The $t_{cj,o}$ can be used to compute the branching probabilities as follows: for the asymmetric case
(preferred output $p$ and other output port $o$),

$$
\begin{align*}
    b_{cspi}(d) &= 1 - \frac{t_{cj,o}}{t_{cj1}}, \\
    b_{csio}(d) &= \frac{t_{cj1}}{t_{cj1}}
\end{align*}
$$

and for the symmetric case (no preferred output port, ports labeled simply 0 and 1),

$$
\begin{align*}
    b_{cso}(d) &= t_{cj1} + \frac{1}{2}(1 - t_{cj0} - t_{cj1}) \\
    b_{cso}(d) &= t_{cj0} + \frac{1}{2}(1 - t_{cj0} - t_{cj1})
\end{align*}
$$

With the dynamic branching probabilities in hand, the visit count for class $c$ customers that are
bound for destination $d$ at output port $o$ of switch $s$ can be computed from the following $ns_p \times nsp$

system of linear equations:

$$
V_{c,Fs+o}(d) = \begin{cases}
0 & \text{if } s = d \\
\sum_i b_{cso}(d) V_{ci}(d) + b_{cso}(d) P_{cd} & \text{if } s = c \neq d \\
\sum_i b_{cso}(d) V_{ci}(d) + b_{cso}(d) P_{cs} & \text{if } s \neq c = d \\
\sum_i b_{cso}(d) V_{ci}(d) & \text{otherwise}
\end{cases}
$$

In all cases $o$ takes on the values $0, \ldots F - 1$, and in the last three cases the summation is over all
input ports to switch $s$.

The first formula corresponds to the case in which the output port is at the destination switch.
Since we are restricting our attention to traffic that is bound for this switch, the output port visit
counts in this case clearly are 0.

The next three formulas all contain an identical linear combination of the visit counts at the
\textit{input} ports of switch $s$ (which are, of course, the same as the visit counts at the output ports of
the switches that feed switch $s$). The coefficient of $V_{ci}(d)$ is just the probability that a message
coming in on port $i$ will be routed to output $o$. In “most” cases this is the entire right-hand side of
the equation. However, for two special sub-cases there is an additional constant term.

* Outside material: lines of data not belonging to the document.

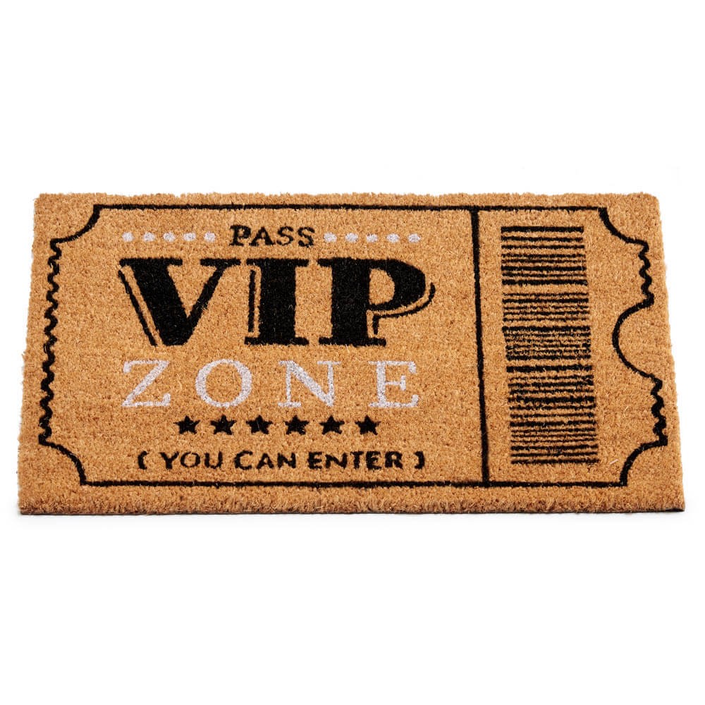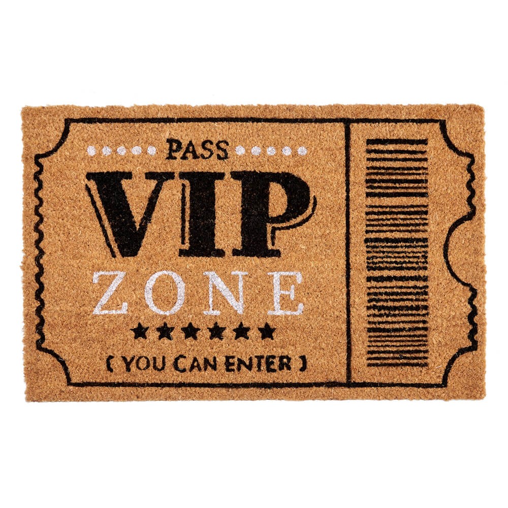 Felpudo original de coco de 60x40 cm con diseño de pase VIP y base antideslizante. Añade un toque original y mantén la suciedad fuera de tu hogar.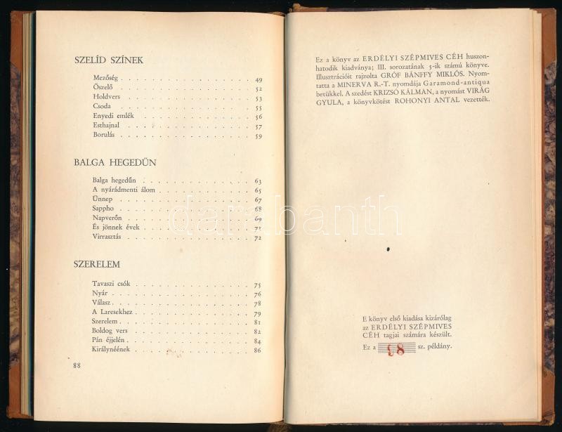 Berda Mária: Sherezáde himnusza. - - versei. Kolozsvár, 1928, Erdélyi Szépmíves Céh, (Minerva-ny.), 88+2+VI (Erdélyi Szémíves Céh tagjainak névsora)+4 p. + 4 (gróf Bánffy Miklós 4 egészoldalas illusztrációja) t. Első kiadás. 88. számú számozott példány. Kiadói félbőr-kötésben, kissé kopott borítóval.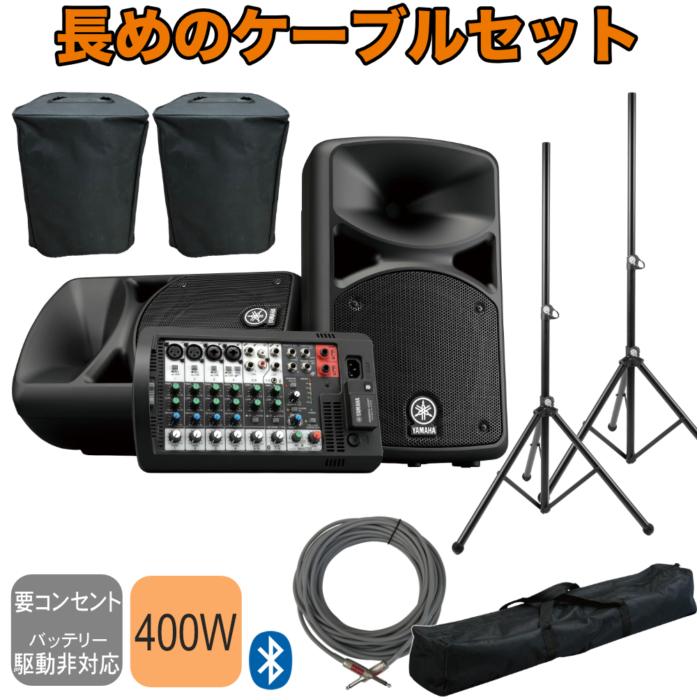 YAMAHA STAGEPAS400BT + 追加注文の多いスピーカースタンドと15mのスピーカーケーブルを付けたセット

In the first of these special sub-cases ($s = c \neq d$), the switch under consideration is the source
of all class $c$ requests. Therefore, the switch is adding a total of $P_{cd}$ to the visit counts of its
output ports, where the allocation of these customers is determined by the branching probabilities
of injected messages.

In the second of these special sub-cases ($s \neq c = d$), the destination node is the home node for
class $c$. In this case, the traffic being analyzed consists of replies to processor $c$. Thus, each switch
$s \neq d$ is adding a total of $P_{cs}$ to the visit counts of its output ports.

Once the visit counts as a function of destination $d$ have been computed, the total visit counts
for each output port follow simply by summing over $d$. To obtain the partial visit counts, sum over
the individual terms in Equation (19). For example, in the case $s = c \neq d$,

$$
V^i_{c,Fs+o} = \sum_d b_{cis}(d) V_{ci}(d) \\
V^*_{c,Fs+o} = \sum_d b_{css}(d) P_{cd}
$$

(20)

The other cases are analogous.

The total visit counts for the memory modules, as well as the partial visit counts from the local processor, never change. To obtain the partial visit counts to memory module $m$ from any input $i$ of switch $m$,

$$
V^i_{cm} = \begin{cases} 
0 & \text{if } c = m \\
V^i_{ci}(m) & \text{if } c \neq m 
\end{cases}
$$

(21)

A similar technique can be used to obtain the partial visit counts to the processors (cf. Equation 6). This completes the visit count calculations.

Solving for the visit counts is the most computationally expensive step in the entire model. This is because we must solve a $nsp \times nsp$ linear system for each (class, destination) pair. The time complexity of the visit count calculation is thus $O(npe^2nsp^3) = O((NS)^3F^3)$. Because of this, a customized Gaussian elimination algorithm was created to exploit the special structure of the sparse coefficient matrix. The complexity of this algorithm is $O((NF)^3)$ rather than $O((NSF)^3)$, reducing the total complexity to $O(N^5S^2F^3)$. Nevertheless, this step is obviously still the chief limitation on the size of the network that can be analyzed with this model. Approximations that will result in a reduction of this complexity are the subject of ongoing research; see Section 4.

### 2.7 Initialization

Initialization of AMVA variables is done only once, before the first AMVA computation. For subsequent outer iterations of the model, the last values obtained from the previous AMVA computation are used as the initial values for the next AMVA computation.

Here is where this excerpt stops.